I'm trying to stem ~4000 documents in R, by using the stri_replace_all_fixed function. However, it is VERY slow, since my dictionary of stemmed words consists of approx. 300k words. I am doing this because the documents are in danish and therefore the Porter Stemmer Algortihm is not useful (it is too aggressive).
I have posted the code below. Does anyone know an alternative for doing this?
Logic: Look at each word in each document -> If word = word from voc-table, then replace with tran-word.
##Read in the dictionary
voc <- read.table("danish.csv", header = TRUE, sep=";")

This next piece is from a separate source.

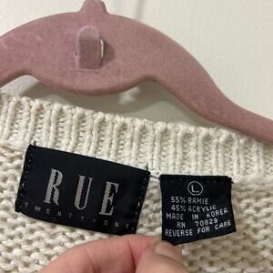 Rue 21 Vintage Womens Size Large Ramie Christmas Sweater Holidays Nutcracker Bear Y2K. 55% ramie and 45% acrylic. It measures 22 inches from armpit to armpit and the length from shoulder to hem is 29 inches. There is a mark on the front, as pictured.

#Using the library 'stringi' to make the stemming
library(stringi)
#Split the voc corpus and put the word and stem column into different corpus
word <- Corpus(VectorSource(voc))[1]
tran <- Corpus(VectorSource(voc))[2]
#Using stri_replace_all_fixed to stem words
## !! NOTE THAT THE FOLLOWING STEP MIGHT TAKE A FEW MINUTES DEPENDING ON THE SIZE !! ##
docs <- tm_map(docs, function(x) stri_replace_all_fixed(x, word, tran, vectorize_all = FALSE))
Structure of "voc" data frame:
Word Stem
1 abandonnere abandonner
2 abandonnerede abandonner
3 abandonnerende abandonner
...
313273 åsyns åsyn